Also, technological advances led to drilling complex wells which pose more difficulty in accounting for bottom-hole pressure prediction. There is a strong need to process large real-time data sets obtained from the Well and estimate instantaneous flowing bottom-hole pressure, machine learning models have presented an integrated approach to overcoming the restrictions posed by developed correlations in terms of handling a wide variety of data sets. Numerous Tubing Performance Relation (TPR) models have been developed for analyzing multiphase flow in vertical pipes. The TPR models for multiphase flow wells fall into two categories: Homogeneous flow and separated flow models. Homogeneous models treat multiphase as a homogeneous mixture and do not consider the effects of the liquid holdup (no slip assumptions). The major advantage of these models comes from their mechanistic nature. They can handle gas-oil-water three-phase and gas-oil-water-sand four-phase systems. It is easy to code these mechanistic models in computer programs. Separated flow, on the other hand, is more realistic than the homogenous-flow models. They are usually given in the form of empirical correlations. They consider the effect of flow regimes and liquid hold (slip). The major disadvantage of the separated flow models is that it is difficult to code them in computer programs because most correlations are presented in graphic form . A model for predicting Bottom-hole Pressure (BHP) based on easily obtainable wellhead parameter has been the preferred method in the oil and gas industry.
Given the numerous downsides of using mechanistic models, the following researchers: Ashena and Moghadasi ; Akinsete and Isehunwa ; Awad ; Di et al. ; Tariq et al. ; Olamigoke and Onyeali ; Okoro et al. ; Goliatt et al. ; Nwanwe et al. ; Jin et al. , have deployed the utilized different intelligent models algorithm, such as artificial neural networks, support vector machines, hybrid intelligent systems, fuzzy systems etc., to monitor BHP in the oil and gas industry. These models was reported by Okorie et al. in 2025 to have achieved varying degrees of success in the prediction of bottom-hole pressure. Though many of these intelligent models have been stated to exhibit superior predictive performance compared to mechanistic and empirical models , but they have not been explicitly presented for BHP estimation.

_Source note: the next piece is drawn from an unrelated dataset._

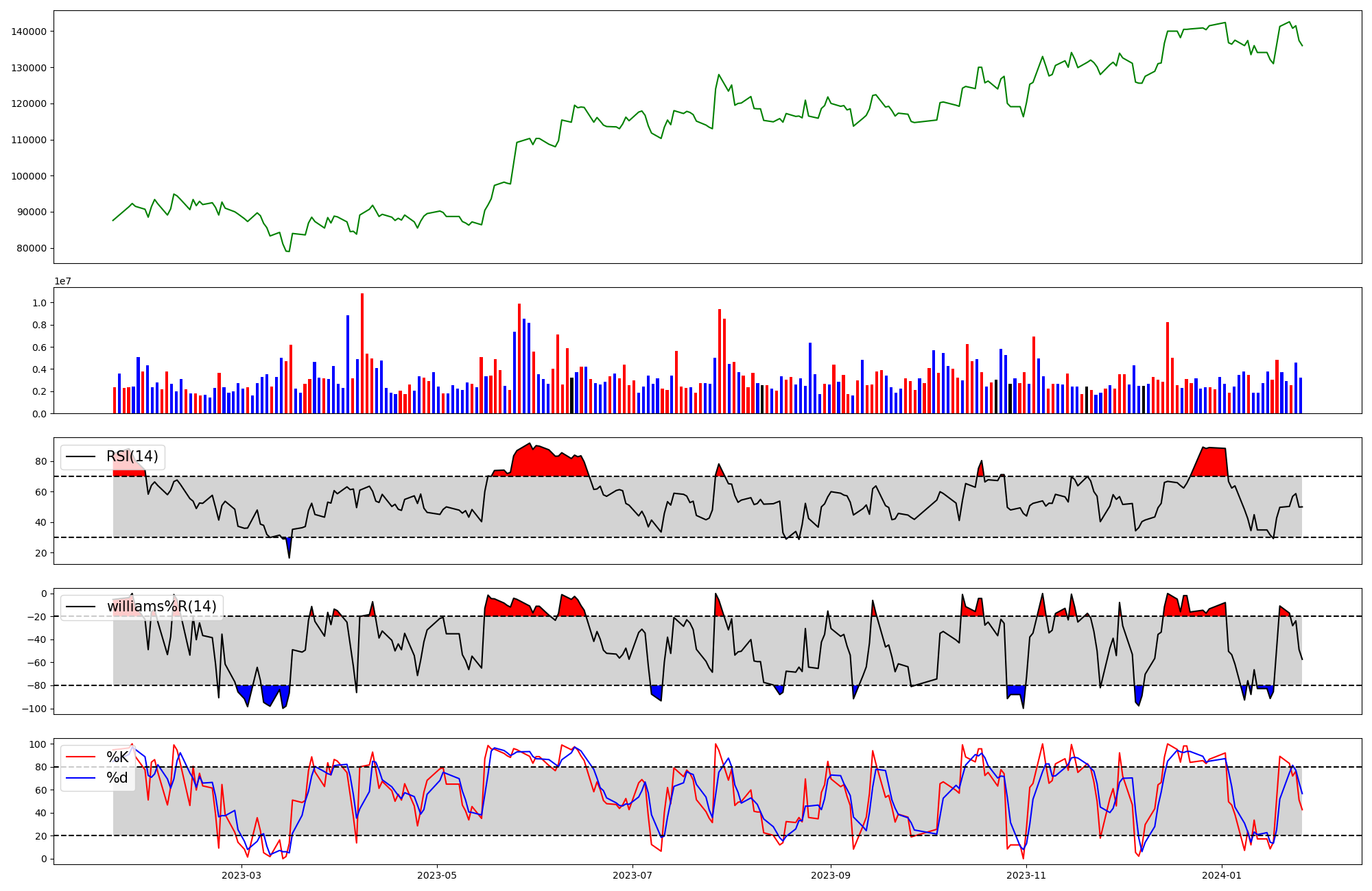 | RSI | Williams %R | stochastic(%K) | |

The objective of this study is described below;
1) To develop a correlation for the prediction of BHP by modifying original Guo's model. Guo's method involves the solution of a general energy equation-derived model using Newton-Raphson's Numerical algorithm for the hydraulic and friction pressure at depth. The BHP is obtained from definite integrals with limits interval between wellhead pressure and bottom-hole pressure in the estimations of frictional pressure. This research aims to solve numerically using a piece-wise iteration in wellbore segment lengths to further increase the accuracy.
2) To develop a machine learning algorithm that predicts the bottom-hole pressure from wellhead data. This will be achieved by building an Artificial Neural Networks model that takes Wellhead data as input data and predicts the bottom-hole pressure as output data. The algorithm will be trained with a real dataset from an Oil field named Equinor in Norway and tested with a fraction of the same Production information. Other intelligent models would also be tested in this research such as Support Vector Machines, Gradient Boosting, etc.
3) To do a comparative study of the developed mechanistic model with other empirical correlations in bottom-hole flowing pressure determination.
4) To do a comparative study of the developed mechanistic model correlation with the most accurate machine learning model.
Many approaches have been developed to fully understand the multiphase flow in wells, from the principle of linear momentum and the conservation of mass, pressure gradient equation was developed. In the Petroleum Industry, both experimental and theoretical methods have been used to get insights on correlations that govern multiphase flow.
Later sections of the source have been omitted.